I believe you will never be unfamiliar with zh_CN, whether it is in PHP or on our web pages, you will see it. In fact, this is to specify what country or region our display code is and what language to use. For this kind of regional language markup, PHP also has a lot of fun content. Today, the Locale class we want to learn is to manipulate the content of the regional language. It cannot be instantiated, and all the functions and methods are static.

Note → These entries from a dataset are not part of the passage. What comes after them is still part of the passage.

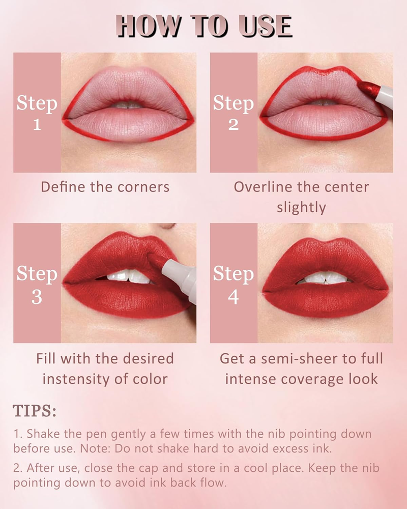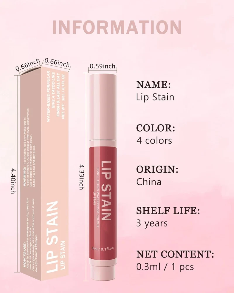 Lip Liner Stain Pen-1Pcs Rose Pink Hydrating Lip Tint, Longlasting Waterproof Smudgeproof Lip Tint Stain Lip Color, Matte Lip Stain Liquid Lip Liner Pencil, Lip Makeup Gift for Women-03 MATTE LIP STAIN PEN - This lip liner with 4 colors to available, it is highly pigmented, smooth in texture, cruelty-free, and can be used not only as lip liner, but also as lip stain and lipstick. Extremely easy to apply, and the rich colors give a matte finish for a glamorous lip look! PRECISE LIP TIP COLOR PENCIL - This high-end lip liner pencil, unlike ordinary traditional lip pencils, adopts a unique nib design effect. The precision allows you to create a precise and even lip line, resulting in a professional and flawless finish. Achieve a flawless look with every application, whether you are defining your cupid's bow or filling in for a bold statement. LONG LASTING & WATERPROOF - The lip tint is long-lasting, waterproof, smudge-proof and fade-resistant color that stays put all day. Our lip stain with quick-drying and highly pigmented color characters, drying without easy color loss and staying put on your lips for 16 hours, ensuring your vibrant look endures all day long for any occasion. EASY TO APPLAY & CLEAN - This lip stain pen is quick and easy to use, just gently apply, you can get the color, if you feel that the color is not enough, you can also apply a few more times to make the color more intense. In addition, it wipes away easily with gentle makeup remover or a damp cloth, leaving your lips feeling soft and nourished. PERFECT MAKEUP GIFT - Both individual sticks and sets are beautifully packaged in premium packaging. Suitable to be bought as personal use or as a gift for your mom, wife, friends on Birthday, Thanksgiving day, Christmas, Valentine's Day, Women's Day, Mother's Day and other Festivals! Treat yourself or someone special to the gift of perfect makeup. Lip Liner Stain Pen Set-4Pcs Matte Lip Tin, Long Lasting Waterproof Smudge-proof Lip Color, Hydrating Lip Stain Liquid Lip Liner Pencil, Precise Chisel Tip, Lip Makeup Gift for Women, Cruelty Free, Party Holiday Birthday Daily Use, Thanksgiving Lip Makeup Gift Specification: Item Name: Lip Stain Pen Target Area: Lips NET: 3ml / 1 pc Features: 1. The Matte Liquid Lipstick is stronger waterproof, non-sticky, long lasting, smooth and high-pigmented. 2. Not only as lip liner, but also as lip stain and lipstick. 3. Multiple colors are available to choose, vivid colors will meet your every need. 4. Not tested on animals. 5. As a Perfect Gift. Note: 1. Due to the monitor resolution and shooting angle, there will be a certain color difference in the real object, and the pictures are for reference only. 2. Please convey a skin test before use. 3. Please put it in a dry and cool place, keep it away from children. Dimensions 2.56 inches x 6.81 inches x 0.63 inches. Weight: 0.32 oz Specifications Color 03# Finish Type Semi-Matte Skin Type Oily, Combination, Dry, Normal Item Form Liquid Package Dimensions 6.81 x 2.56 x 0.63 inches; 0.32 ounces Shipping: Shipped from the USA. Fast delivery within 2–3 days. Payment: PayPal, credit card, bank transfer. Returns: 30-day free return – we cover the shipping cost. Quality: Made in Europe/USA/China. No customs fees. VAT invoice on request. Feedback: You’ll automatically receive positive feedback after payment.
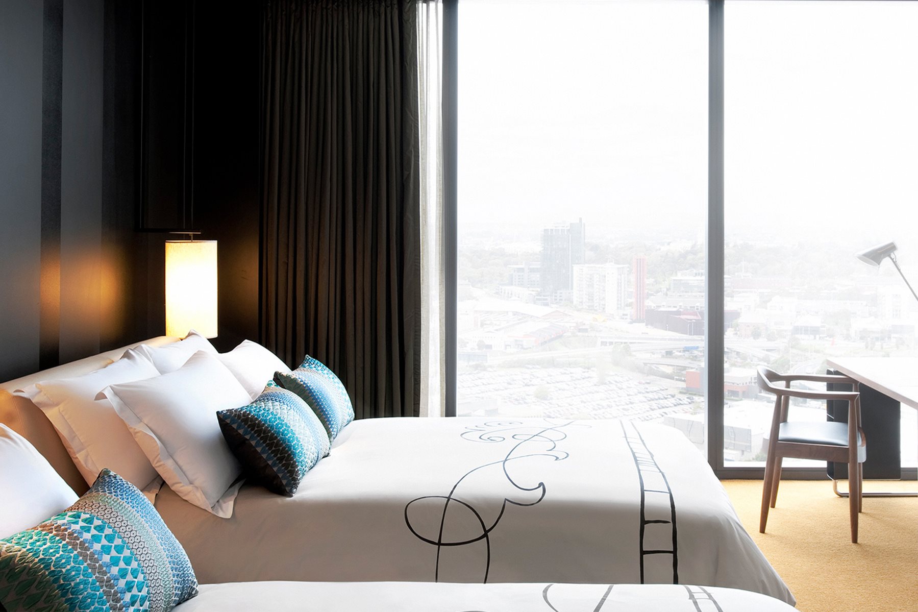 Located on the highest floors, the elevated Luxe Twin rooms feature two comfy beds, desk, floor-to-ceiling windows, bathroom with a privacy screen, fast and free internet, individual climate control and boutique bath amenities.
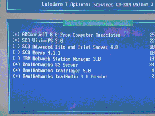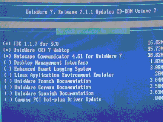 1.接下來是UnixWare 7.11 的一些應用程序的安裝,請放入第二張光盤:

Get and set the current regional language information

The first is that we can dynamically obtain and set the corresponding regional language information.

// # echo $LANG;
// en_US.UTF-8

// php.ini
// intl.default_locale => no value => no value

echo Locale::getDefault(), PHP_EOL; // en_US_POSIX
ini_set('intl.default_locale', 'zh_CN');
echo Locale::getDefault(), PHP_EOL; // zh_CN
Locale::setDefault('fr');
echo Locale::getDefault(), PHP_EOL; // fr

By default, the content of the intl.default_locale configuration in the php.ini file is obtained using the getDefault() method. If there is no configuration in php.ini, the content in the $LANG value of the operating system will be taken, which is the en_US_POSIX output in our example above. POSIX represents the configuration from the operating system.

Use ini_set() to directly modify the configuration of ini or use the setDefault() method to dynamically modify the current regional language settings.

Rules about language tags

Before continuing to learn the following content, let's first learn about the specification of language tagging. For most people, they may have only come into contact with tags such as en_US and zh_CN, but in fact their complete definition is very long, but when we use this abbreviation, a lot of content will be provided in the default form. The complete marking rules are:

language-extlang-script-region-variant-extension-privateuse
语言文字种类-扩展语言文字种类-书写格式-国家和地区-变体-扩展-私有

In other words, our zh_CN can be written like this:

zh-cmn-Hans-CN-Latn-pinyin

Represents: zh language type, Hans writing format is simplified Chinese, cmn mandarin, CN country and region, Latn variant Latin alphabet, pinyin variant pinyin.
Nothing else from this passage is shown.